DEROULEMENT DES DEBATS
A l’audience publique, le magistrat du siège du tribunal judiciaire a procédé au rappel de l’identité des parties
Après avoir rappelé à la personne retenue les droits qui lui sont reconnus par le code de l’entrée et du séjour des étrangers et du droit d’asile pendant sa rétention et l’avoir informée des possibilités et des délais de recours contre toutes décisions le concernant;
Si exceptions de nullité :
Après dépôt de conclusions par le conseil de l’intéressé, jointes au dossier et évoquées in limine litis, et après avoir entendu les parties, le défendeur ayant eu la parole en dernier, l’incident est joint au fond;
M. représentant le préfet a été entendu en ses observations ;
M. [O] X SE DISANT [F] a été entendu(e) en ses explications ;
Me Baudouin BOKOLOMBE, avocat de M. [O] X SE DISANT [F], a été entendu en sa plaidoirie ;
En l’absence du ministère public, régulièrement avisé;
MOTIFS DE LA DÉCISION
Vu l’ordonnance rendue le vendredi 18 juillet 2025 par le juge des libertés et de la détention autorisant une seconde prolongation de la mesure de rétention administrative de Monsieur X., se disant [O] [F], pour une durée de trente jours, ainsi que l’arrêt confirmatif de la Première présidente de la cour d’appel de BORDEAUX du mercredi 23 juillet suivant,
Vu, annexée de toutes les pièces utiles, la requête de Monsieur le Préfet du département de la Corrèze adressée au greffe du juge des libertés et de la détention le samedi 16 août 2025 à 14 heures 03 tendant à la prolongation de la mesure de rétention à l’issue du délai de trente jours précité, pour une nouvelle durée de quinze jours supplémentaires,
Au soutien de sa demande de prolongation, Monsieur le Préfet, entre autres considérations, expose, s’agissant des événements survenus après les décisions judiciaires susvisées, avoir adressé une nouvelle relance au consulat d’Algérie le 7 août 2025, rappel étant fait que l’intéressé, qui s’est à diverses reprises présenté sous des identités différentes, a été identifié par les autorités Interpol algériennes le 15 février 2025 comme étant en réalité [M] [P], né le 20 avril 1996 à ORAN. Le Préfet de la Corrèze justifie sa demande de troisième prolongation en faisant état d’une menace pour l’ordre public.
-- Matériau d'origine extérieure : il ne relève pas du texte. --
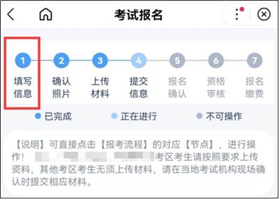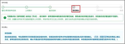 提交報名信息后,考生須按照當(dāng)?shù)乜荚嚬芾頇C構(gòu)的要求,在規(guī)定的時間內(nèi),攜帶報名表和相關(guān)材料前往指定地點進行報名確認(rèn)。經(jīng)報名點或考點確認(rèn)報名信息后,“報名確認(rèn)”節(jié)點變?yōu)榫G色。

L’intéressé, assisté de son conseil, a conclu au rejet de la demande, en rappelant les caractère exceptionnel des conditions autorisant une troisième prolongation et en faisant observer que les perspectives d’éloignement sont désormais très réduites, pour ne pas dire nulles, tenant le défaut de réponse des autorités algériennes.
SUR QUOI :
En vertu de l’article L.742-5 3° du CESEDA, le juge des libertés et de la détention peut, à titre exceptionnel, être à nouveau être saisi aux fins de prolongation du maintien en rétention au-delà de la durée maximale de rétention prévue à l’article L.742-4 lorsqu’il est apparu, dans les quinze derniers jours :
1° L’étranger a fait obstruction à l’exécution d’office de la décision d’éloignement ;
2° L’étranger a présenté, dans le seul but de faire échec à la décision d’éloignement :
a) une demande de protection contre l’éloignement au titre du 5° de l’article L. 631-3 ;
b) ou une demande d’asile dans les conditions prévues aux articles L. 754-1 et L. 754-3 ;
3° La décision d’éloignement n’a pu être exécutée en raison du défaut de délivrance des documents de voyage par le consulat dont relève l’intéressé et qu’il est établi par l’autorité administrative compétente que cette délivrance doit intervenir à bref délai.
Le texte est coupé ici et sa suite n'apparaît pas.